The holidays have taken their toll both physically and emotionally. I live with one of the world's worse holiday haters. Depression set in early. How do I get myself out of bed for a run or even a few stretches when I went to bed crying and wake up after a fitful night of poor sleep?
I don't know. I just don't.
There's a program in Colorado called "Weigh and Win." I don't know whose brainchild this is. But they pay you for lost weight and for keeping it off. You register and the rest I'm sketchy on. There are kiosks around that you visit for official weigh ins. The closest one to me is at least 2 hours away, and seeing that I can't even get out of bed to do a sit-up, I just don't have the enthusiasm to join a program that pays - here's the good part - $15 for a 5% weight loss. (More money for more weight loss)
So, if I weigh 150 right now and lose my 20 pounds (yeah right), there's my 5%. For $15 big ones..no wait, that's $15 little ones. For big ones, I'd jump right in my car and do it. But for that? Hahaha.
It got me thinking how much money would inspire me to get moving? I don't have an answer yet.
Where's the spark that will move me? The New Year approaches. Life trudges on.
So, while I ponder all that, I'll have another cup of tea and see what mood the manic depressive is in.
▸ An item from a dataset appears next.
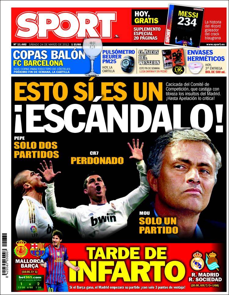 SPORT SCANDALO – Sul quotidiano Sport si commentano le squalifiche inflitte al Real Madrid. Secondo il quotidiano catalano troppo poche le giornate per Pepe, Mourinho.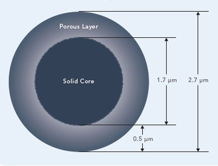 核殼顆粒是由著名色譜科學(xué)家 Jack Kirkland 教授于2006年研制成功的?!昂藲ば汀碧盍献畛跏菫榱耸筓HPLC色譜柱比常規(guī)2μm填料UHPLC色譜柱更堅固可靠。Fused-Core(核殼或熔融) 技術(shù)就是將多孔硅殼熔融到實心的硅核上面而制備出的。這些多孔的“光環(huán)”狀顆粒具有極小的粒徑分布和擴散路徑,可以同時減小軸向和縱向擴散,減小峰寬,提高柱效。核殼技術(shù)被證明非常有效,因此衍生了多種不同的品牌和固定相類別,成了HPLC和UHPLC中有力的色譜工具。

Maybe just getting myself out the door to work is good enough for now. Just trying to stay afloat financially is my exercise for the day. I'll be grateful for my jobs and my beautiful house... well, it's the location more than the actual house. Still working on the beautiful house part. Which is why I have 2 jobs. An exercise in perseverance.
Tomorrow, tomorrow, I love you tomorrow, you're only a day away...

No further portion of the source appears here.